OK, Christmas stockings have been well and truly emptied now, so Dr M browses the library shelves for New Year botany gifts.
If it’s plant ID books you are looking for then check Dr M’s review here.
If its botany of the more literary and philosophical variety then read on!
First up is “From Roots to Riches” the book of the landmark BBC radio 4 series by Cathy Willis (Kew) and Carolyn Fry.
This book takes a botanical journey through the scientific life of the unique British institution which is Kew Gardens: and explores how the last 250 years have transformed our relationship with plants.
Through the course of 25 episodes (chapters) the authors take the reader on a journey from the birth of botany as a science right up-to-date with the most recent developments. They delve into Kew’s archive and world-class collections and begin with Carl Linnaeus and his invention of the universal language to name plants, through Joseph Banks’ exotic discoveries and how Charles Darwin’s fascination with orchids helped persuade doubters about evolution. As the British Empire painted the atlas red, explorers, adventurers and scientists risked their lives to bring the most interesting plant specimens and information back to London, and to Kew. From the lucrative races to control rubber, quinine and coffee to understanding the causes of the potato famine, the science of plants has taught us fascinating and enormously valuable lessons.
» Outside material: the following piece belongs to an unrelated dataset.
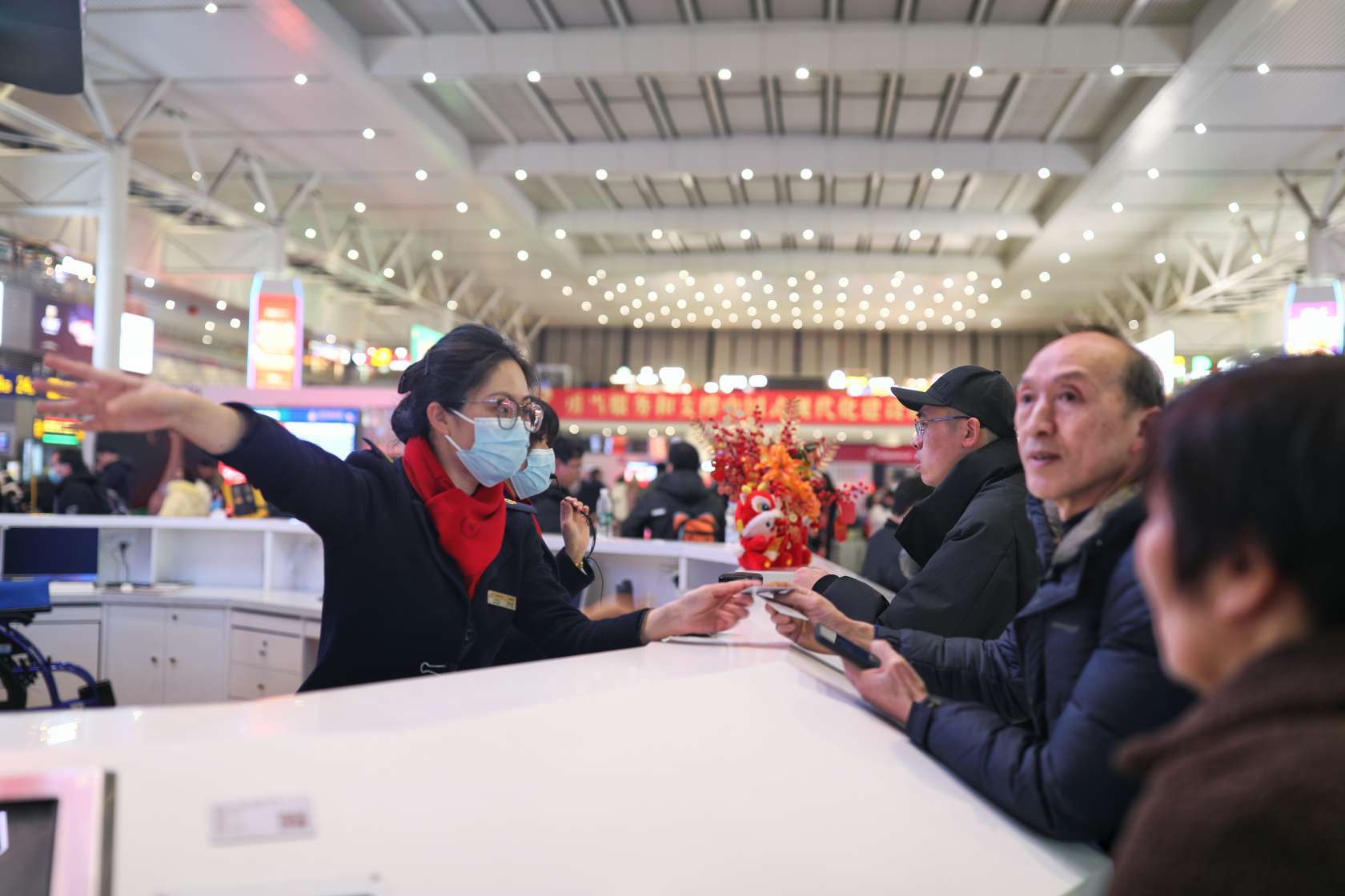 在铁路上海站,车站干部职工组成突击队,做好站内电梯、站台、进出站通道等关键岗位的引导、安全防护。售票部门动态调整售票窗口功能,积极为旅客办理退票、改签等业务。设备部门加强对照明、空调、饮用水、消防等设备设施的运维。此外,各站区加强与地方管理部门的联系,根据客流情况,适时申请延长周边地铁、公交、出租车的运行时间。

Each chapter tells a unique and fascinating story, but, gathered together, a great picture unfolds, of the development of a most remarkable science, the magic and beauty of plants and ultimately our dependency on them.
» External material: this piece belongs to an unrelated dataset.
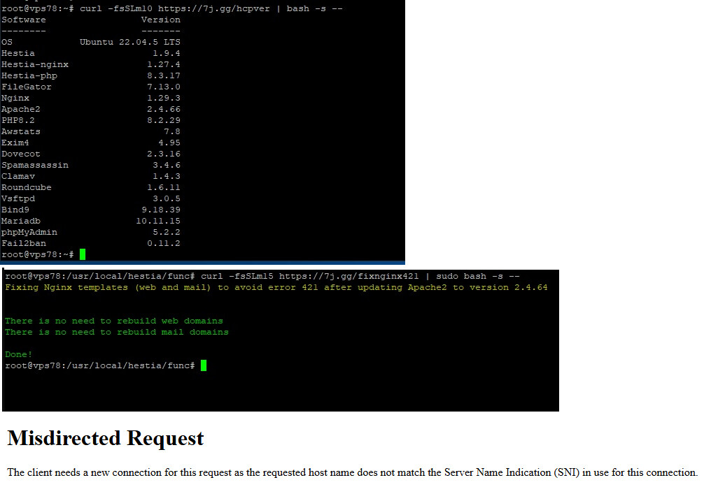 After that moment the email page won’t open: domain.com it’s ok, mail.domain.com not ok: Misdirected Request, error421.

Next up “The Drunken Botanist” by Amy Stewart with a very different take on botany “every great drink starts with a plant” she says and uses this simple truth as a starting point for a fascinating book. The first part of the book covers the classic booze-worthy plants, the ones used most often to produce alcohol. Here you’ll find agave, apple, barley, corn, grapes, and onward through wheat. She discusses the history of each crop and its history as an ingredient in beverage alcohol. She doesn’t shy away from unpleasant facts, either, such as the sustainability crisis facing agave agriculture in Mexico. The first part concludes with a look at less-common plants that have been turned into booze: bananas, cassava, parsnips, and even Dr M’s favourite tree, the monkey puzzle!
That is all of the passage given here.